19.07.1993

JungfrauenVerlorene Rarität

Das Amtsgericht Münster raubte einer verlassenen Verlobten die Entschädigung: Das Kranzgeld, Trostprämie für verlorene weibliche Unschuld, ist verfassungswidrig.
Silvester war's, das Jahr 1991 grüßte frisch, als die jung Verliebte mit dem Burschen ihrer Wahl das formlose Rechtsgeschäft eines Verlöbnisses feierte.
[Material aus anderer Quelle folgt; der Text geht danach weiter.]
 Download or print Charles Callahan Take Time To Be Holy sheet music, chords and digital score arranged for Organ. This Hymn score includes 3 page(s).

Zu Ostern dann, die Frühjahrsgöttin Ostara weckte Natur und Trieb, wohnte der Jungmann der Jungfrau bei.
Im Juni, o heilige Ostara, zerbrach, was so zart verbandelt war. Per Brief kündigte der Verlobte die Liebe auf.
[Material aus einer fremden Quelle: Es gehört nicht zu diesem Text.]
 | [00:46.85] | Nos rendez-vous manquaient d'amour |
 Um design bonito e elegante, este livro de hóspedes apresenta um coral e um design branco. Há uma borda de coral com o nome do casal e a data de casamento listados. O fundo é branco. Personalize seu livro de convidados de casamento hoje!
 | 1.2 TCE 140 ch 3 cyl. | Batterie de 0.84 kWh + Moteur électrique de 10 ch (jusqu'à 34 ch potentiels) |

Was der Bursche zum Portogeld von einer Mark ad acta legen wollte, geht nun unter dem Aktenzeichen 50 C 628/92 des Amtsgerichts Münster in die deutsche Rechtsgeschichte ein. Einer Rarität verlustig, hatte die verlassene Verlobte aus Süddeutschland ihren Ex vor dem Amtsgericht verklagt, "ein Kranzgeld in Höhe von 1000,00 DM zu zahlen". Sie kenne einige Männer, "die großen Wert auf geschlechtliche Unbescholtenheit legten", begründete die Deflorierte ihre Furcht, nie wieder als Beringte grüßen zu dürfen.
Im Dezember letzten Jahres taxierte Richterin Sigrid Schöne beim Amtsgericht Münster, was die verlorene Jungfernschaft der Klägerin wert sei, und fällte ihr Urteil: keinen Pfennig.
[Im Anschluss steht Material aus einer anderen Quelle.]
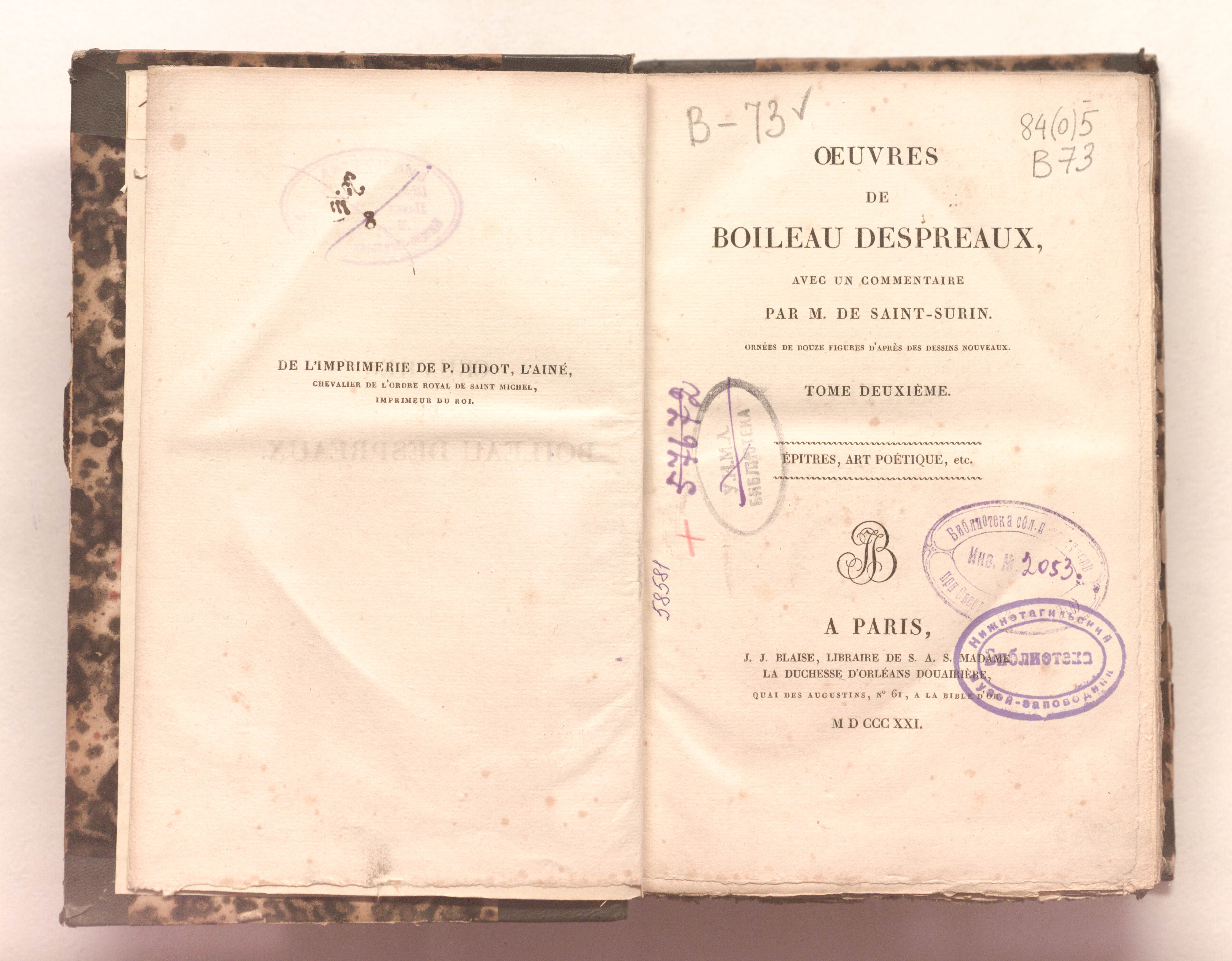 Oeuvres de Boileau Despreaux, avec un commentaire par M. de Saint-Surin...Tome deuxieme. Epitres, art poetique, etc. – 4 t. – T. 2. – Paris : J. J. Blaise, 1821. – 634 p. : 14 pl. ; 14,5х22 cm.

Der Spruch der Richterin und eine Entscheidung des Bundesverfassungsgerichts dazu verstopfen nun eine Einnahmequelle, die das Bürgerliche Gesetzbuch (BGB) tugendhaften Mädchen als "Kranzgeld", für den geopferten Jungfernkranz, gewährt: "Hat eine unbescholtene Verlobte ihrem Verlobten die Beiwohnung gestattet", so verheißt Paragraph 1300 BGB, so kann sie "eine billige Entschädigung in Geld verlangen".
Vor dem Krieg bewilligten Richter verlassenen Bräuten oft noch mehrere tausend Mark. Mit der Moral sanken die Preise, zuletzt war Unschuld nach dem Uralt-Paragraphen, der seit 1900 das Bürgerliche Gesetzbuch ziert, nur noch ein paar Hunderter wert.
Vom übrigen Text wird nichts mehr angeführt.